The paper I want to discuss today is one that I find hilarious. It’s a report of the Hamburg Burger Trial and I find it hilarious because the results were so different than what the researchers expected. In fact, they mention how surprised they were to get these results. The only reason they should have been surprised is that they are either ignorant or stupid – or both.
If I gave most readers of this blog the same data the authors of the study had, the blog readers would not have been surprised. They would have expected exactly the outcome that resulted. Which makes the readers of this blog a whole lot smarter than the long list of scientists who authored this paper.
Here’s the setup.
Researchers in Hamburg, Germany recruited 24 healthy subjects with an age range from 18 to 65 years of age. They had these subjects undergo a 12 hour, overnight fast then show up at the lab where they provided a blood sample then baseline vascular function testing.

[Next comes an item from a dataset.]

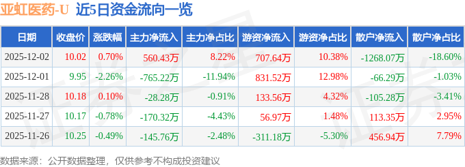 证券之星消息,截至2025年12月2日收盘,亚虹医药(688176)报收于10.02元,上涨0.7%,换手率1.56%,成交量6.8万手,成交额6818.58万元。

Two hours after all the testing, the subjects were given one of the following meals from a Hamburg McDonald’s to eat:

a conventional beef burger meal consisting of a 211-g beef burger (Big Mac; McDonald’s Corp, Oak Brook, IL) with 152 g French fries, 20 mL ketchup, and 500 mL carbonated lemon-flavored soda (Sprite; Coca-Cola Co, Atlanta, GA) (meal 1); a vegetarian burger meal with standard side orders consisting of a 203-g vegetarian burger (GemüseMac; McDonald’s Corp, Munich, Germany) with 152 g French fries, 20 mL ketchup, and 500 mL carbonated lemon-flavored soda (meal 2); and a vegetarian burger meal with vitamin-rich side orders consisting of a 203-g vegetarian burger, 90 g salad, 30 mL balsamic dressing, 306 g yogurt with fruit, and 500 mL orange juice with {approx}200 mg vitamin C [Minute Maid; Minute Maid (a division of the Coca-Cola Co), Houston, TX] (meal 3).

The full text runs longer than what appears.